Lead Image © kasza, 123RF.com

Lead Image © kasza, 123RF.com

Up close with SUSE Linux Enterprise 12

New Chameleon

Article from ADMIN 24/2014
The latest new version of SUSE Linux Enterprise offers some promising new features for admins.

At the end of September, a very exclusive green USB stick with the SUSE logo reached the ADMIN magazine editorial office. The stick contained an image with the current pre-release version of SUSE Enterprise Linux Server (SLES) 12 [1], including the plugins for high availability. The test team had the chance for a first look at what SUSE has been up to, and we discovered they want to keep enterprise customers in a good mood for the next few years.

The universal truth for all long-lasting enterprise distributions applies equally to SUSE: What is broken in the new version of SLES to the extent that it cannot be fixed with an update will regularly come back to haunt the support team – and admins – during the next few years. Nonetheless, SLES 12 does come with some major changes.

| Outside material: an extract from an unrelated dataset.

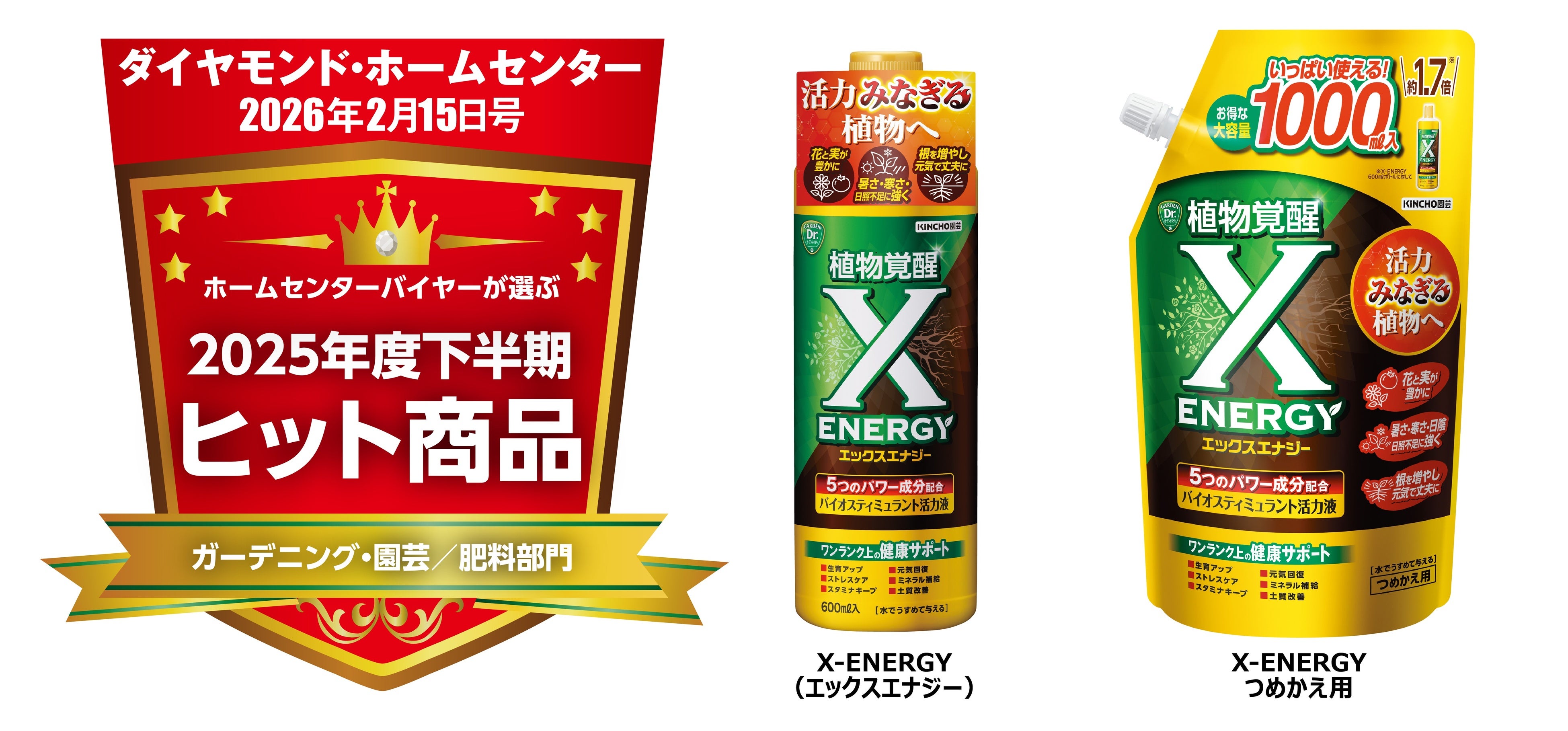 家庭園芸用薬品・肥料等を製造販売するKINCHO園芸株式会社(本社:東京都中央区/代表取締役社長: 森本 義之)が2025年6月から販売を開始した、植物を覚醒させるバイオスティミュラント活力液「X-ENERGY つめかえ用」がダイヤモンド・ホームセンター誌「ホームセンターバイヤーが選ぶ2025年度下半期ヒット商品」に選出・表彰されました。本企画は、ホームセンターの店頭において業績に高い貢献をした新商品に対するアンケート評価に基づくものです。2025年度上半期ヒット商品に選出された「X-ENERGY(エックスエナジー)」に続き、同シリーズでの年間連続受賞となりました。

Among other things, the default filesystem will be Btrfs in the future – you can't say the SLES developers lack courage.

Linux 3.12.26 is no longer the latest kernel, but it is an LTS version and thus the logical choice for SUSE. As expected, all major server programs are available in sufficiently recent versions for enterprise systems.

We took a tour of SLE 12 pre-release USB stick that arrived in our office just in time for this issue to go to press. The good news is, as of October 27, anyone can now gain an impression of the full SLE 12 release, which means some of the bugs uncovered in our journey might already be fixed.

In the Beginning

In the preliminary release notes for SLES 12, SUSE makes it clear that the installer has undergone significant modifications. If you have ever installed SLES 11, you wouldn't need a note to see the change: Compared with the previous versions, the SLES 12 installer is rather drab, keeping to a very dark color scheme (Figures 1 and 2). We were not able to clarify whether this background is just for the pre-release version, or whether this is actually the new design for the SLES installer.

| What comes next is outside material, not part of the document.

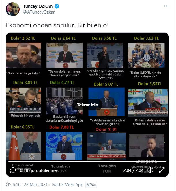CHP Genel Başkan Başdanışmanı ve İzmir Milletvekili Tuncay Özkan 2 dakika 4 saniyelik; toplamda 12 video ile Cumhurbaşkanı ve AKP Genel Başkanı Erdoğan'a dolar ile ilgili sözlerini hatırlattı.
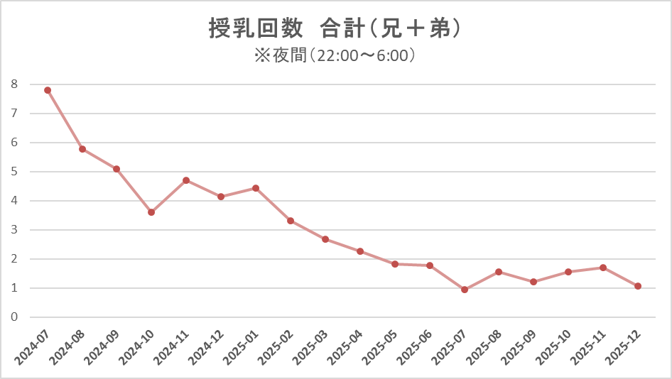 合計8回程度から始まり、1歳(2025/6)には、合計で2回程度になりました。夜間ミルクの卒業はかなり遅い方かもしれません。

Figure 1: The new SLES Installer, which is very dark for some unknown reason, is more suited to users who prefer subdued lighting.
Figure 2: The boot loader, which allows the choice between a normal boot and a rescue system, appears after the installation.

From a technical point of view, the installer runs fine: It routinely goes about its job and installs a basic system on your hard drive; you then run YaST to install the packages that transform it into your preferred SUSE flavor. The installer also lets you enter the credentials sent to you by SUSE during the install and thus register the system (Figure 3).

Figure 3: Entering the registration code lets you unlock features of the add-on modules in YaST.

A list of all available add-ons automatically appears in the installer, and you can integrate them in the same way. At the end of the process, you have a SLES system that already is fueled up with all the available security updates and that uses the package sources you have access to via your SUSE access codes (Figure 4).

Figure 4: Gone are the days in which you had to enter repositories in YaST by hand. The registration server takes care of configuring repositories.

New and Fast YaST with Ruby

The first boot into the new system after installing SLES takes you to a tidy Gnome desktop. Because we only tested SLE-based SLES extensions, the workstation components and all other graphical gimmicks were missing. Admins will tend to access the system via SSH, but the SLES 12 desktop is more than adequate (Figure 5). If you want to enable SSH access on SLES 12, you will probably do so through the YaST configuration tool. If you use the graphical version of YaST, prepare to be amazed: The tool is totally unrecognizable compared with SLE 11.

Figure 5: The SLES desktop is reduced to the bare essentials: The developers know that the UI is less important on servers.

The reason for this change is something that attentive openSUSE users might already know: SUSE decided to completely rewrite YaST in 2013. The old version was written in a proprietary language, YCP (YaST Control or Programming language), that aggravated many YaST developers [4].

The decision was to rewrite YaST in a standard language: The new YaST uses Ruby, and it is clearly much faster than its predecessor. However, our test team preferred the clarity of the legacy YaST interface. The new YaST interface is reminiscent of the KDE control center or the Xfce configuration dialog (Figure 6). If you have many tiles for individual modules, the window quickly becomes cluttered.

Figure 6: YaST resembles the control centers of other popular desktop environments after a rewrite in Ruby.

Too Many Unexplained YaST Crashes

The new YaST in our preview copy crashed several times performing actions that are quite commonplace. When we attempted to enable the geo part of the HA add-on, YaST complained, for example, that it could not reach the requested URL and then just disappeared. A similar mishap occurred when we attempted to launch an online update. YaST complained that no update repositories were enabled before it once again showed us the dialog for registering the system with SUSE – and then it crashed.

Although we were able to work around the problem via the YaST module for package installation, we sincerely hope that SUSE finishes off the troubleshooting work between this version and the final release of product. After all, a rewrite in Ruby is very welcome, and it would be a pity if admins were disappointed by a lack of quality from the new YaST.